I went to elementary school with a girl named Jamie Moran. I can’t remember what year it is or anyone’s birthday, but I remember her vividly, because she was absolutely convinced- and endeavored to convince me- that eggs were made of milk. This was not an attempt at irony, or some confusion with a Cadbury product, she believed, and may still, that eggs are made of milk.
For real.
Thinking back on it now, it doesn’t really come as a surprise to me. Americans have no idea where the food they eat comes from. I’m not talking about farm kids here; I’m talking about the majority of people in this country who live in the suburbs and are walking type-two-diabetes-time-bombs. This is not by accident, agribusiness has added this element of opacity to food production for a reason. I’m quite certain that they don’t believe people want their animals treated inhumanely, want their meat stuffed full of rBGH and antibiotics, want their food supply endangered by biologically modified plants or want every independent farmer in America driven off of their land. There is a chance that some of these things might bother people.

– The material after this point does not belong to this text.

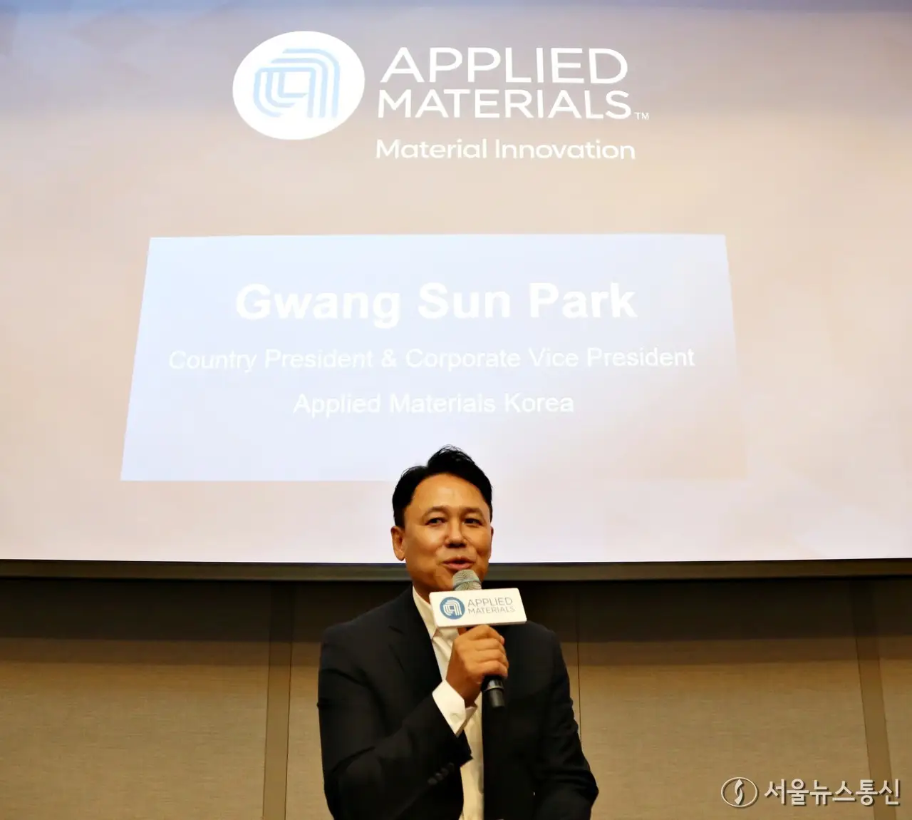 【서울 = 서울뉴스통신】 이민희 기자 =박광선 어플라이드 머티리얼즈 대표가 26일 서울 강남구 그랜드 인터컨티넨탈 서울 파르나스에서 열린 '어플라이드 AI 성능...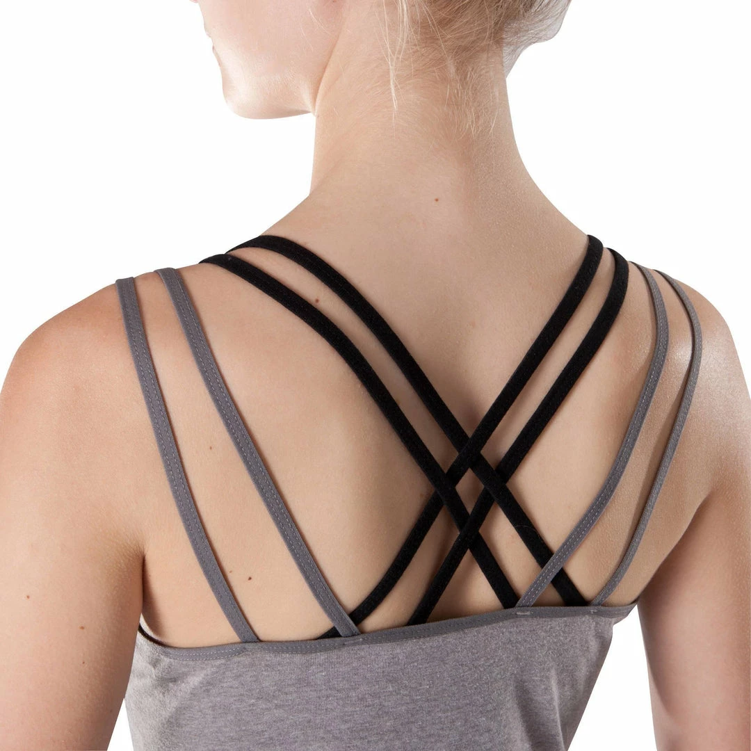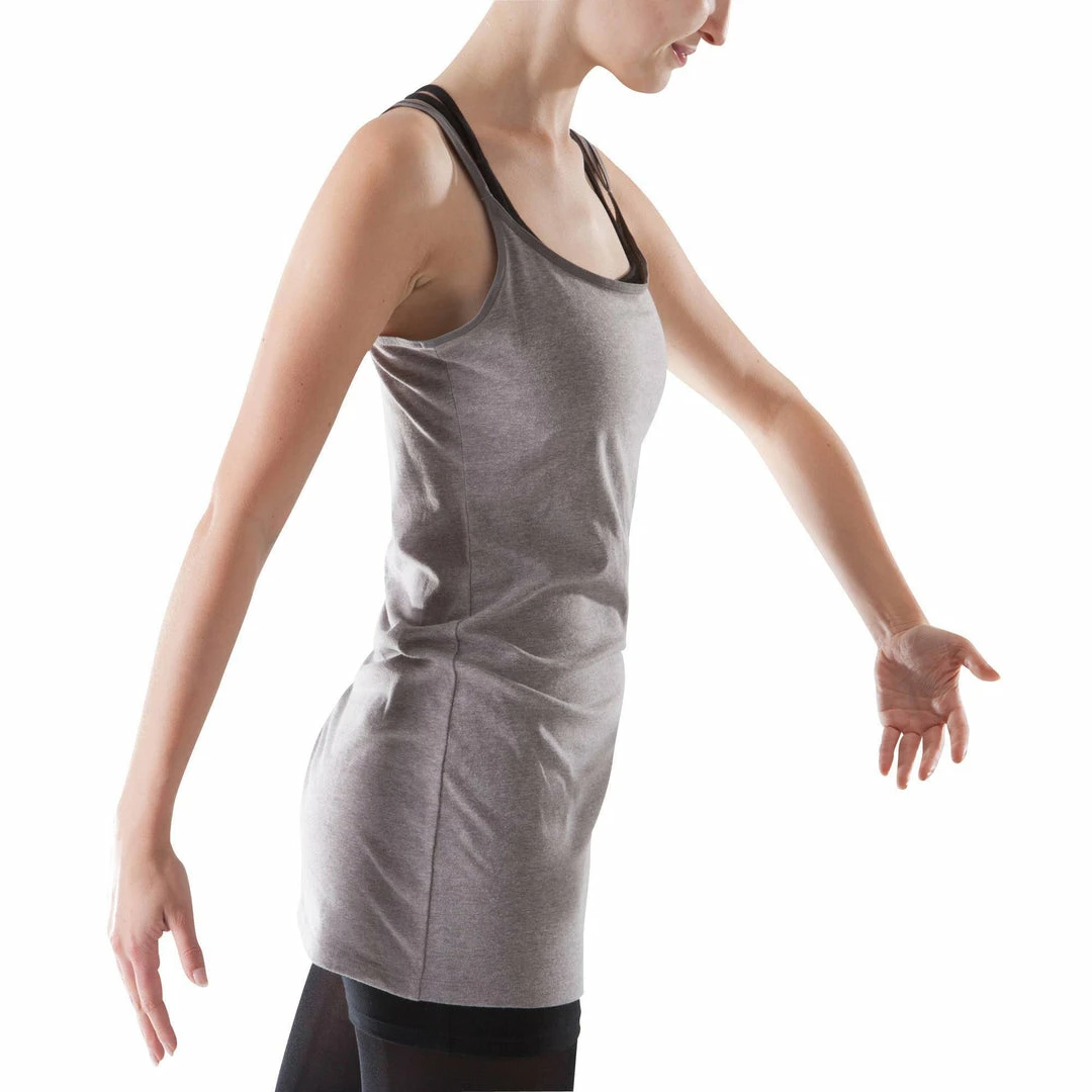 This skirted leotard with thin straps offers a good fit and comfort. It has a matching sports bra and features an elegant strap design on the back.

I can’t help but wonder if this distance from something so elemental to us as humans hasn’t contributed to the distance that’s between us and one another. Stay with me here. I don’t think people respect cooking as a social institution anymore. I’m not talking about going out to dinner in a restaurant, that’s not- by definition- cooking. That’s not making something for the people in your life. I once said to a friend that I was only capable of two emotions: rage and cooking. Perhaps that’s slightly overstated, but in a sense, cooking is, or at least was, a mode of affection. I can understand why people may have lost interest in cooking. As our attention to celebrity chefs and food porn has grown, the ingredients this mania espouses have become more expensive and largely lowered in quality. Maybe you can find heirloom tomatoes on supermarket shelves, but if they’re hard as rocks and it’s February, who cares? Moreover, if all you do is watch or read about David Burke making foie-gras-beluga-truffle-platinum dumplings, you may rightly wonder why anyone would want to come to your house for spaghetti.
I’m sure this is the beginning of a lifelong rant, but I will leave it here for now. Food for thought.